WHAT THE EXERCISE ASKS
Extract from the entries below, exactly as given, only the lines from the line containing "红苹果小黑猫浮雕美甲贴纸甜酷" to the line containing "好きなアニメ作品のキャラクタ", both lines included.

RECORDS PROVIDED
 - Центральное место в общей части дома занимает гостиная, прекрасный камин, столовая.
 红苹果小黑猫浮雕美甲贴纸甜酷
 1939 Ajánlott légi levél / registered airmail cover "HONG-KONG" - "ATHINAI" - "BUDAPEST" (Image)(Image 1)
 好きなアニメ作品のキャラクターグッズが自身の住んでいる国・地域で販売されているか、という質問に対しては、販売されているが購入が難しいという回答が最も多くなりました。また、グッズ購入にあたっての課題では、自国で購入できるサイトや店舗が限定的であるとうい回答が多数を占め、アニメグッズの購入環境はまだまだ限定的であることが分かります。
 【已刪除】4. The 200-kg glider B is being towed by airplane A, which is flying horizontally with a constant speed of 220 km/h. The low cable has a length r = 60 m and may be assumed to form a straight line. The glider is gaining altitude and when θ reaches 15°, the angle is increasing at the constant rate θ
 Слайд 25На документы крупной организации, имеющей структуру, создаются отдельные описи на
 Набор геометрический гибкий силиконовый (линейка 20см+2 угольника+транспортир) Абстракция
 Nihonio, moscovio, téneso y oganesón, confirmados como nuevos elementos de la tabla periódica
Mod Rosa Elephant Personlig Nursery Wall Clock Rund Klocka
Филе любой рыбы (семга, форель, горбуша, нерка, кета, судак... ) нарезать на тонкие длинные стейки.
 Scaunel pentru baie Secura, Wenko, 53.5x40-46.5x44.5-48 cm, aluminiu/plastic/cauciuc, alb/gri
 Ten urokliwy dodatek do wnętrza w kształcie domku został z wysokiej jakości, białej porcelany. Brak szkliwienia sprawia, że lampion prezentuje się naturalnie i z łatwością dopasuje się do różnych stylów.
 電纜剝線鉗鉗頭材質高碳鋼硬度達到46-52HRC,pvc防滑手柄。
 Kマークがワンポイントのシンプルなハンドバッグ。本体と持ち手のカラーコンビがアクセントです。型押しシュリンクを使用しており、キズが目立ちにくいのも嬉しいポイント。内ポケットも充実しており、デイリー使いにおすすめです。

COMPLETED EXERCISE
 红苹果小黑猫浮雕美甲贴纸甜酷
 1939 Ajánlott légi levél / registered airmail cover "HONG-KONG" - "ATHINAI" - "BUDAPEST" (Image)(Image 1)
 好きなアニメ作品のキャラクターグッズが自身の住んでいる国・地域で販売されているか、という質問に対しては、販売されているが購入が難しいという回答が最も多くなりました。また、グッズ購入にあたっての課題では、自国で購入できるサイトや店舗が限定的であるとうい回答が多数を占め、アニメグッズの購入環境はまだまだ限定的であることが分かります。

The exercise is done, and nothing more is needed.